Bern Minster forced to turn its lights back on to avoid planes crashing into it
Just one week after announcing that Bern Minster would be turning its lights off at night, to help save electricity during the energy crisis, authorities have been forced to turn the lights back on to avoid planes crashing into it when arriving and departing from the local airport.
Planes could crash into the unlit tower in Bern
While the policy was solely designed to help save energy during the winter, the announcement that Bern's Minster would be switching its lights off at night caused significant alarm for the Federal Office of Civil Aviation. As the cathedral is located on the final approach to Bern-Belp Airport, authorities were concerned that planes coming in to land at or taking off from the runway might not be able to see the cathedral’s spire, which could cause a crash.

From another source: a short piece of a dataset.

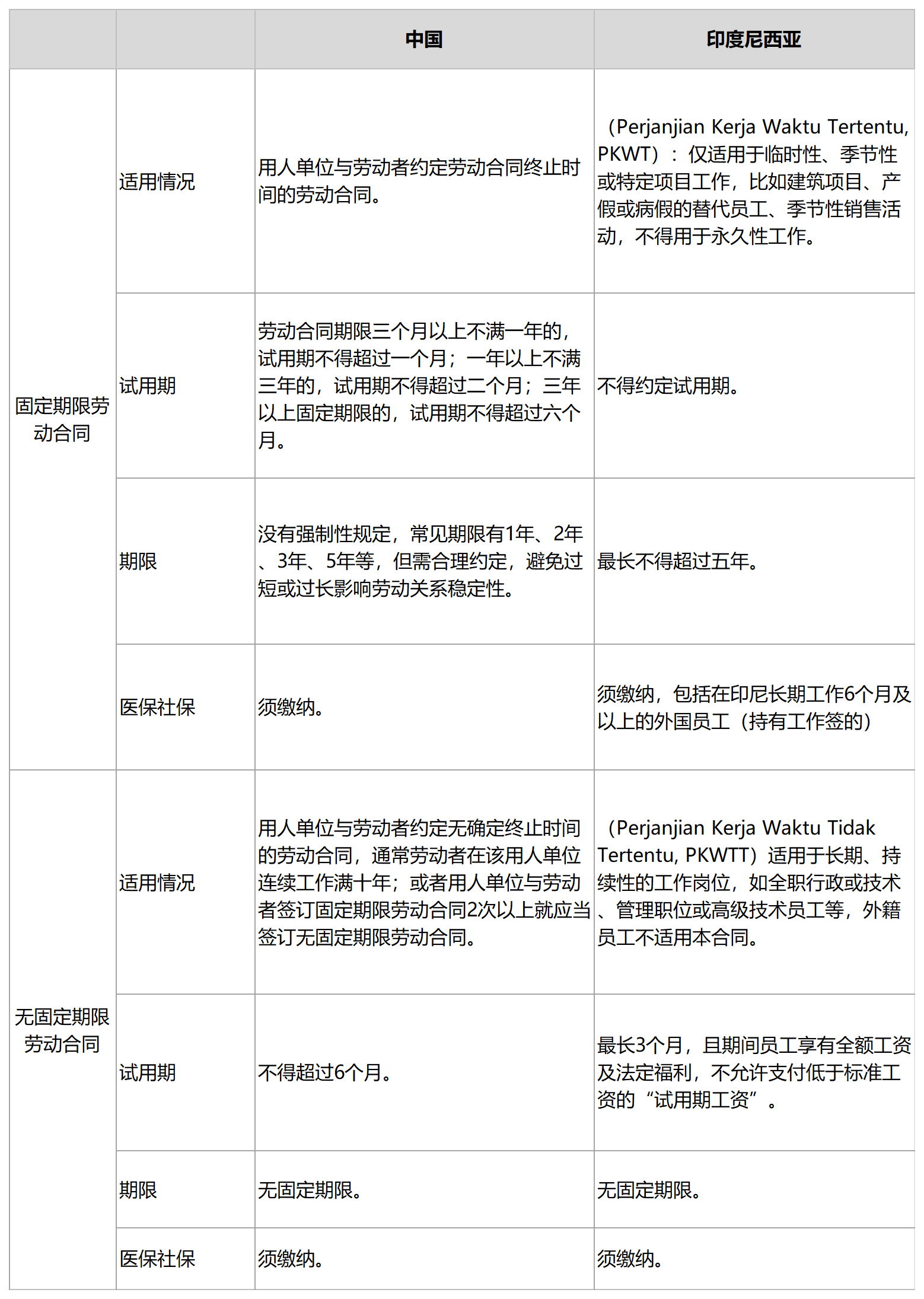 合规提示:中国和印尼两国的“固定期限劳动合同”与“无固定期限劳动合同”完全不是一个概念。在印尼,如果将所有员工签为固定期限合同,有可能被视为实质违反应当签署无固定期限劳动合同之约定,面临员工的劳动仲裁索赔以及行政处罚,故必须根据岗位性质严格区分并分别签署PKWT和PKWTT。

Initially, the plan submitted by the local authorities would have seen all of Bern’s public and historical sites turn off their lights to save energy, but the cathedral will now be an exception. All the other public and historic buildings in Bern will continue to keep their lights off.
Some in Switzerland are concerned about safety in the dark
While many businesses and cities are doing their part to reduce their energy consumption, tension is growing between energy-saving and public safety. Some people, especially older people in Switzerland, are now expressing concern about the darkness in Swiss cities this winter which will be caused by energy-saving measures.
Vereinigten Altstadtleisten, an interest group for trade and residents in Bern's old town, told Swiss broadcaster SRF that more people in the city are becoming concerned about their safety at night time, now that the lights of department stores and monuments are switched off.
Local State Councillor Heidi Z'graggen told SRF that "the brightness contributes a lot to the sense of security - especially for women and maybe also for older people." While the importance of saving energy this season is not to be understated, SRF noted that the growing concerns in a number of Swiss cantons could soon cause local authorities to reconsider.